GIVEN DATA Block Start

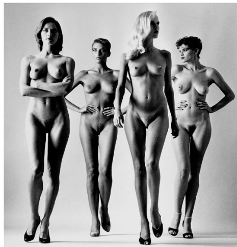
Kuvat 6 ja 7 Helmut Newton Sie Kommen Naked and dressed

Helmut Newton pukee mallinsa voimakkaasti, silloin kuin heillä on vaatteet päällä. Tätä kutsutaan muotimaailmassa termillä power dressing eli voimapukeutuminen. Newton esimerkiksi kuvasi 1980-luvulla Vogueen kuvasarjan Sie Kommen, Naked and Dressed , (kuvat 6&7) jossa mallit ovat pukeutuneina jakkupukuihin ja korkokenkiin, sekä toisessa kuvassa samassa asetelmassa ilman vaatteita, vain korkokengät jaloissaan. (Halmesmaa 2014, 31.)
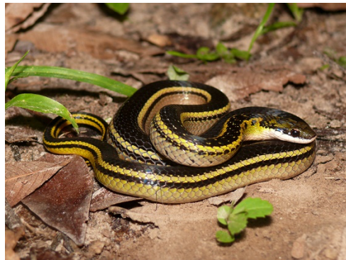
18 Erythrolamprus melanotus COLUBRIDAE Reinita
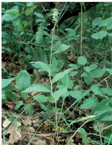
Abb. 25: Epipactis guegelii , Rm, Letea, 10.07.2006
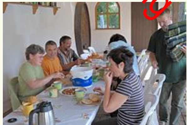
Ganz schön anstrengend das Ganze.
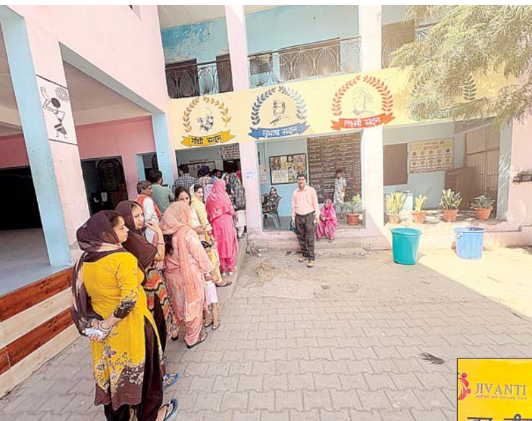
प्रथम न्यूज। पट्टा मेहलोला 26 मई
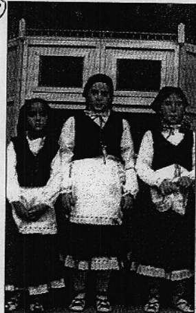
Unas niñas vestidas de pastorcillas. / J. MARFIL

GIVEN DATA Block End

> INSTRUCTIONS FOR THE TASK:
Repeat the records exactly but leave out the images.

> PROBLEM SOLUTION:
Kuvat 6 ja 7 Helmut Newton Sie Kommen Naked and dressed

Helmut Newton pukee mallinsa voimakkaasti, silloin kuin heillä on vaatteet päällä. Tätä kutsutaan muotimaailmassa termillä power dressing eli voimapukeutuminen. Newton esimerkiksi kuvasi 1980-luvulla Vogueen kuvasarjan Sie Kommen, Naked and Dressed , (kuvat 6&7) jossa mallit ovat pukeutuneina jakkupukuihin ja korkokenkiin, sekä toisessa kuvassa samassa asetelmassa ilman vaatteita, vain korkokengät jaloissaan. (Halmesmaa 2014, 31.)
18 Erythrolamprus melanotus COLUBRIDAE Reinita
Abb. 25: Epipactis guegelii , Rm, Letea, 10.07.2006
Ganz schön anstrengend das Ganze.
प्रथम न्यूज। पट्टा मेहलोला 26 मई
Unas niñas vestidas de pastorcillas. / J. MARFIL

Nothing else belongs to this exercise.